Data:
= Beginning of Section =

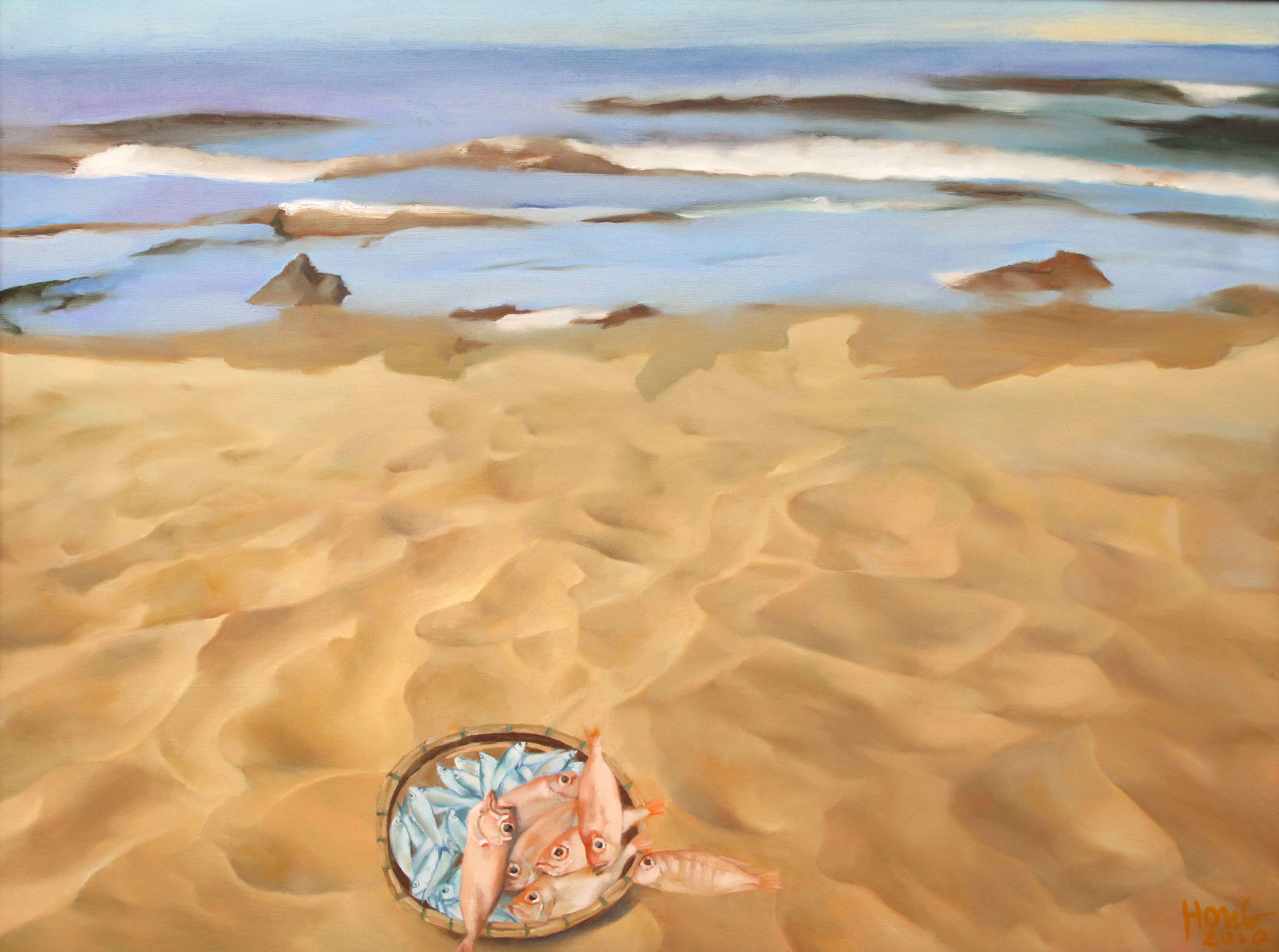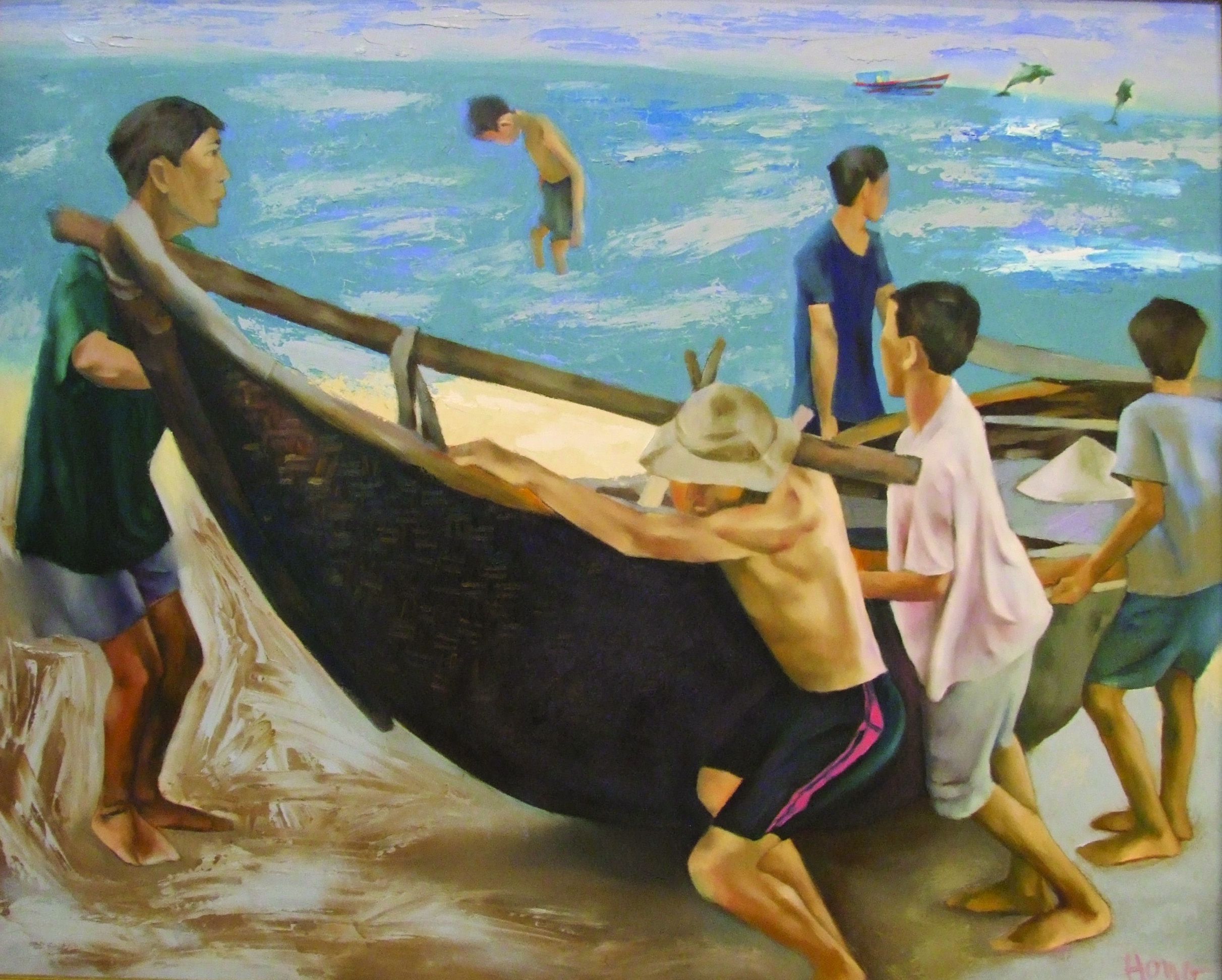 Hơn 10 năm nay, họa sĩ Đoàn Hồng chỉ dành thời gian để vẽ về một đề tài duy nhất, đó là cuộc sống ven biển. Chỉ nhìn vào mặt cát cũng đã thấy hiện lên nỗi vất vả, nhọc nhằn, lam lũ… Không thể có chân dung nào hay hơn thế về cuộc sống biển |
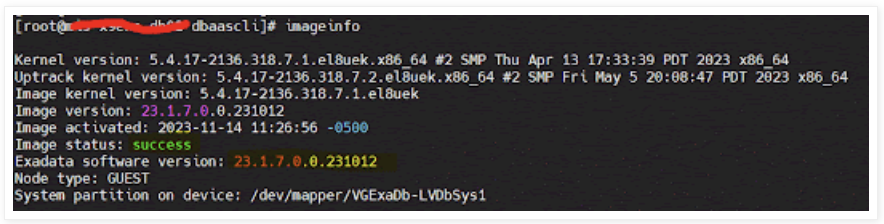 7. Confirm the Exadata image version by running “imageinfo” command on VM Cluster nodes.
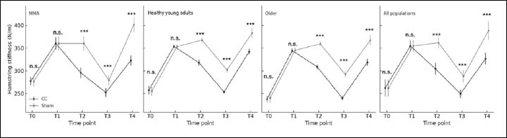 Recovery of hamstring muscle stiffness across time points (T0–T4) in MMA athletes. CC: pneumatic cold compression. Between-conditions (CC vs. sham) differences per time point are indicated by asterisks (***p < 0.001). n.s.: no significant. MMA, n = 40; young healthy adults, n = 20; Older, n = 20.

= End of Section =

Problem description: When you repeat the data, keep every line exact and drop the images.

Answer section:
 Hơn 10 năm nay, họa sĩ Đoàn Hồng chỉ dành thời gian để vẽ về một đề tài duy nhất, đó là cuộc sống ven biển. Chỉ nhìn vào mặt cát cũng đã thấy hiện lên nỗi vất vả, nhọc nhằn, lam lũ… Không thể có chân dung nào hay hơn thế về cuộc sống biển |
 7. Confirm the Exadata image version by running “imageinfo” command on VM Cluster nodes.
 Recovery of hamstring muscle stiffness across time points (T0–T4) in MMA athletes. CC: pneumatic cold compression. Between-conditions (CC vs. sham) differences per time point are indicated by asterisks (***p < 0.001). n.s.: no significant. MMA, n = 40; young healthy adults, n = 20; Older, n = 20.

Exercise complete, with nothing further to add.